# NASB Acts 5:33



## God'sElectSaint (May 22, 2015)

Been reading the NASB and I am really enjoying it! It's an excellent version thus far. A little confused at the wording of this passage in Acts though "33 But when they heard this, they were cut to the quick and intended to kill them"(NASB)
"Act 5:33 When they heard that, they were cut to the heart, and took counsel to slay them." (KJV)
Never heard this term "cut to the quick" before? Can anyone explain this?


----------



## VictorBravo (May 22, 2015)

Slice someone deeply, like to the bone.

I'm surprised it is no longer a common idiom. Last century (as in 20 years ago), you'd hear it all the time.

"Quick" means (or at least used to mean) something essential or sensitive.


----------



## God'sElectSaint (May 22, 2015)

VictorBravo said:


> Slice someone deeply, like to the bone.
> 
> I'm surprised it is no longer a common idiom. Last century (as in 20 years ago), you'd hear it all the time.
> 
> "Quick" means (or at least used to mean) something essential or sensitive.

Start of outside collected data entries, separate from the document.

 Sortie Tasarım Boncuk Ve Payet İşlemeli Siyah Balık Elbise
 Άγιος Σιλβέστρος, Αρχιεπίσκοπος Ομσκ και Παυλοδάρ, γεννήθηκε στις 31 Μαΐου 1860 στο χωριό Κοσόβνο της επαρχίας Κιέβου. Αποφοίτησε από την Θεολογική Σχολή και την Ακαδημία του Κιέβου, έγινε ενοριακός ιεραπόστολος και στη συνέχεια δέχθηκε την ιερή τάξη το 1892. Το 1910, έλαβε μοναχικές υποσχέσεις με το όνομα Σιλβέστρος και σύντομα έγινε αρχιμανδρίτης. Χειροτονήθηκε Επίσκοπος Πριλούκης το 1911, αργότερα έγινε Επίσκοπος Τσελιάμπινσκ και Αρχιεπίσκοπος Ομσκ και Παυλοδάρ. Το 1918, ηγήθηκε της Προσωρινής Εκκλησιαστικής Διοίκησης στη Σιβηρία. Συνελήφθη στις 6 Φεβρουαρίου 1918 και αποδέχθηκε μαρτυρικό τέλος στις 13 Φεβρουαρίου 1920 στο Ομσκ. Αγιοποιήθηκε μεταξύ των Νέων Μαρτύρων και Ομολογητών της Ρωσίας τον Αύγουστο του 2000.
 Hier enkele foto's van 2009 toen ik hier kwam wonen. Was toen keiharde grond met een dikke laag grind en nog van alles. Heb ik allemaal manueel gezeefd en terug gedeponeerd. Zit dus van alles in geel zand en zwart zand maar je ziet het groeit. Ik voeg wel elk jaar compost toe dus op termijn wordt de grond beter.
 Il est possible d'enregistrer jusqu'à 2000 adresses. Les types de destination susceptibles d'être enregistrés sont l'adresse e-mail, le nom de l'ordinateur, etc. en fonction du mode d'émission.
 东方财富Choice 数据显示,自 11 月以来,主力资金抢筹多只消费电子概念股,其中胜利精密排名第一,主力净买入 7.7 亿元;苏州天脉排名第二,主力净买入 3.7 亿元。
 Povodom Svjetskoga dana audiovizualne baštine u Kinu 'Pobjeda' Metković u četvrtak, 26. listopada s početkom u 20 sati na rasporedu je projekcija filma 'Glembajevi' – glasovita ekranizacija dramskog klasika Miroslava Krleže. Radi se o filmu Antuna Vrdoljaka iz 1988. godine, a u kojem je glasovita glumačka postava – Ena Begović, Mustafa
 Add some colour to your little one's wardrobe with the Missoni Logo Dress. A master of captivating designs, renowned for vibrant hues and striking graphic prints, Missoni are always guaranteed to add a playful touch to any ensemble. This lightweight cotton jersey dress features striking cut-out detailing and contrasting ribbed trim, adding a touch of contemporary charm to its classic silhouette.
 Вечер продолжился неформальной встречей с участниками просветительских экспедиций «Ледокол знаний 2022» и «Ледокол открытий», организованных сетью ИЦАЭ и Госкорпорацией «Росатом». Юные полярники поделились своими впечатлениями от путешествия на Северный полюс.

Oh okay, cool. Yeah the NASB has some interesting translations. I like a lot of 'em. Here's another one that kinda struck me as different "1 Tim 4:7 But have nothing to do with worldly fables fit only for old women." Not that it's wrong I guess I am just used to the KJV "old wives fables" But I think the NASB is a great addition to my studies. I like using it in conjunction with the King James because they are both very literal and to get a perspective of both text-types.


----------



## DMcFadden (May 22, 2015)

Vic got the meaning right. Nowadays (another older expression we 60 somethings use), you will most often hear "cut to the quick" in terms of clipping a dogs claws. 



> Light colored claws are easier to cut than dark claws as the blood vessels and nerves that supply the claw, called the quick, are easier to see.
> toenail including labeled quick and line designating area to cut	Cut the claw to within approximately 2 millimeters of the quick.

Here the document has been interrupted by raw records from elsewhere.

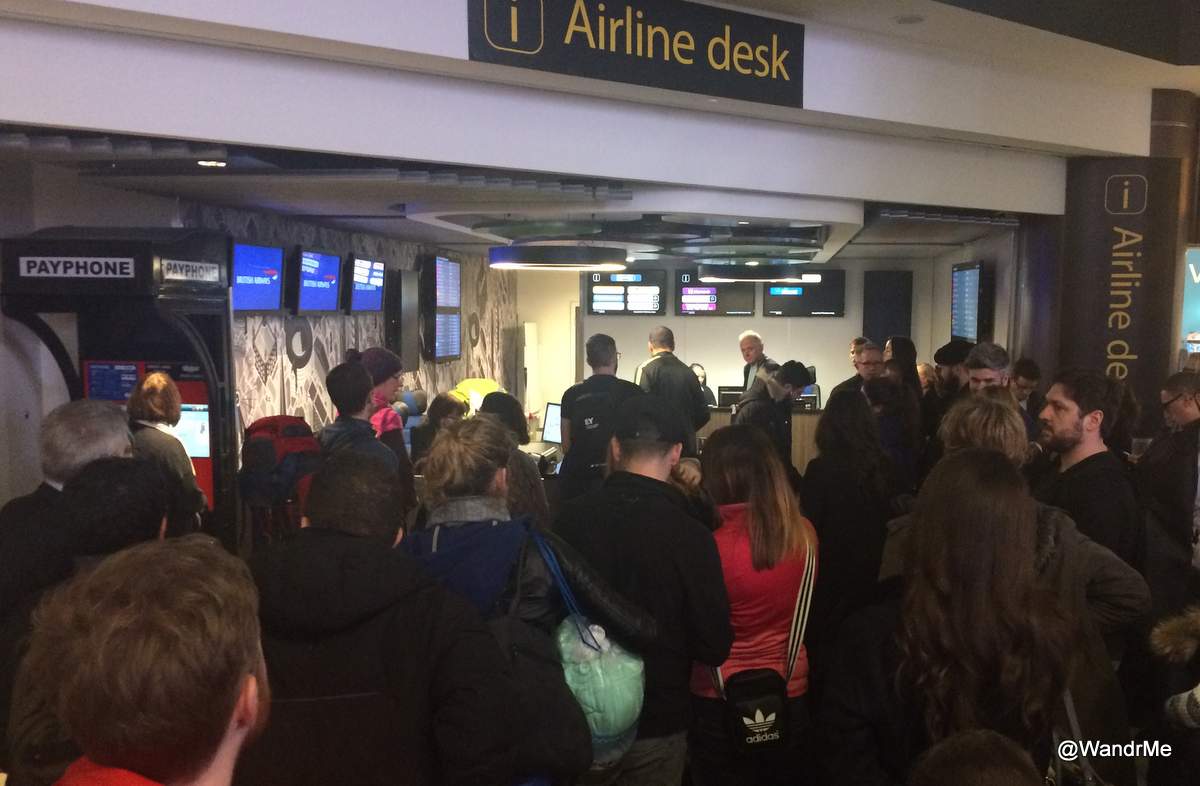 Gatwick loves its central shopping and dining area, holding crowds of passengers in the center of the terminal until just under an hour from departure. No relaxing at the gate and finding a quiet corner is a challenge. By the time I made it over to the announced gate for my flight the inbound aircraft was just arriving and boarding had commenced, with “boarded” passengers moving from one side of the waiting area to the other, crowding in to a small staging area between the counter and the entrance to the jet bridge. That was also when I noticed a few officers standing in the cab of the jet bridge as it positioned to meet the flight; something was amiss. As more and more outbound passengers crowded into the standing area the security officers appeared upstairs with their suspect. That they chose to handle the interrogation in that space, blocking our access to the aircraft, proved to be a critical aspect of our flight cancelling.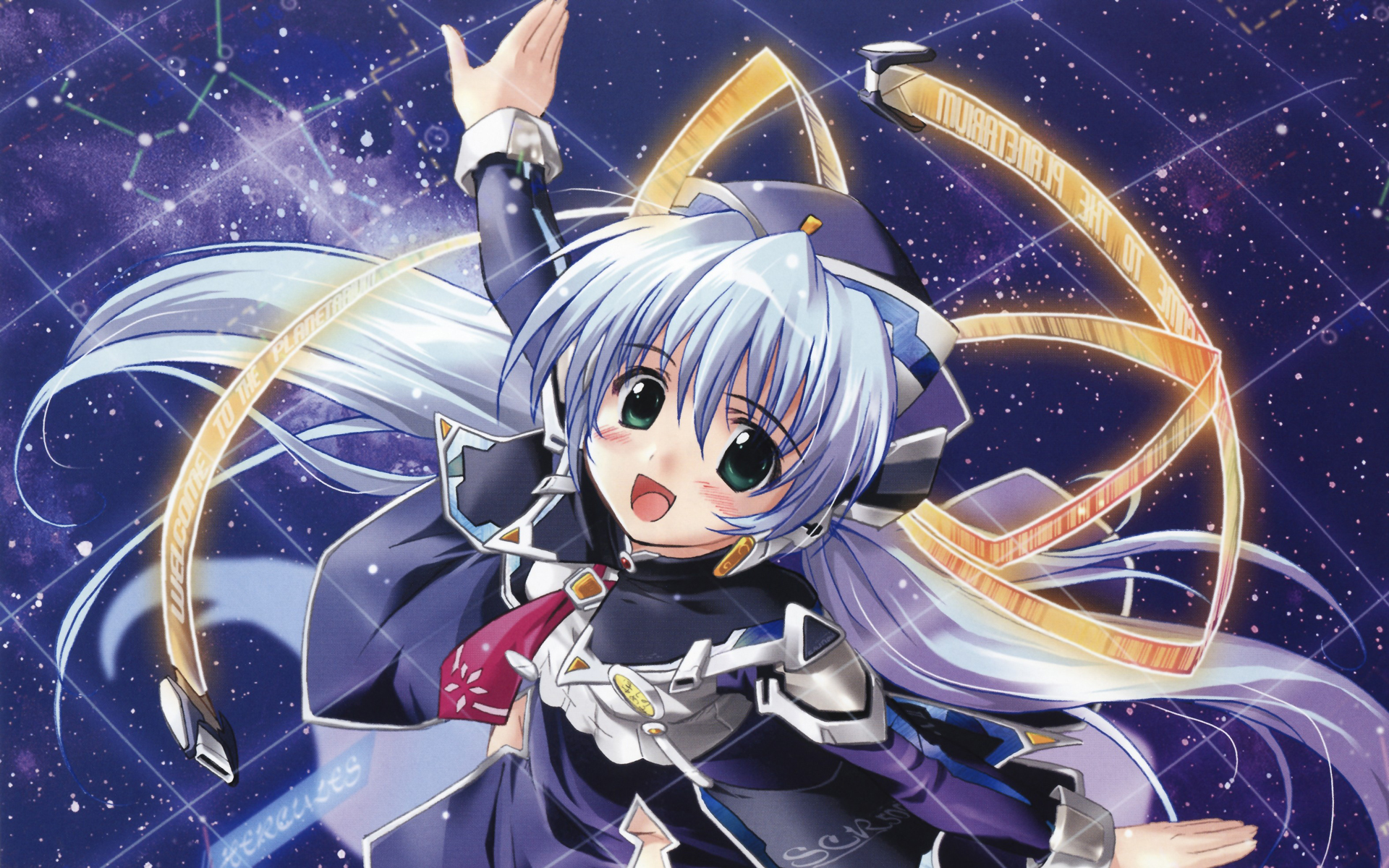 Description: A anime character with long white hair and a blue outfit.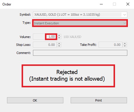 - نکته ۲: معامله گر در حساب GMpFA پس از انتخاب گزینه معامله فوری (Instant Execution) در صورت خرید و یا فروش با عنوان "Rejected" مواجه خواهد شد.(شکل۱)
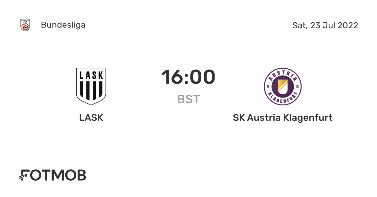 The match starts at 400 PM on February 13th 2022. Spieltag der Saison 202223 kommt es in der österreichischen Bundesliga zum Duell zwischen dem LASK und Austria Klagenfurt. Bis zum Ausschluss von Michorl war der LASK klar überlegen dann ging das Spiel hin und her und Klagenfurt.

I still use the term in the sense the NASB does.


----------



## Peairtach (May 23, 2015)

I suppose "the quick" is the living part of the toenail or fingernail, as "the quick and the dead" means "the living and the dead".

Sent from my HTC Wildfire using Tapatalk 2


----------



## Pilgrim (May 23, 2015)

God'sElectSaint said:


> VictorBravo said:
> 
> 
> > Slice someone deeply, like to the bone.
> ...



At times it appears that the NASB translators strained at synonyms in order to differentiate the translation from the RSV in those places. (However in this case the RSV and ESV simply have "enraged." The NKJV has "furious" with "cut to the quick" in the margin.) Since the ESV is a light revision of the RSV (which conservatives largely rejected) this explains why the ESV often has more familiar wording even though the NASB is generally considered to be more literal. But sometimes different wording can help you think deeper about a passage that you may have read many times before.


----------



## VictorBravo (May 23, 2015)

This thread caused me to reflect: the modern translations have to worry about adapting to ever-changing idioms. The AV (KJV), on the other hand, established idioms that have been with us for centuries.

Bible Phrases - a list of everyday phrases that come from the Bible. - meaning and origin.


----------



## God'sElectSaint (May 23, 2015)

Pilgrim said:


> God'sElectSaint said:
> 
> 
> > VictorBravo said:
> ...



Yeah it does. I am enjoying it actually. The NASB is a little different for me, a nice translation though. I am usually a AV and sometimes NKJV guy so I am more familiar with those.


----------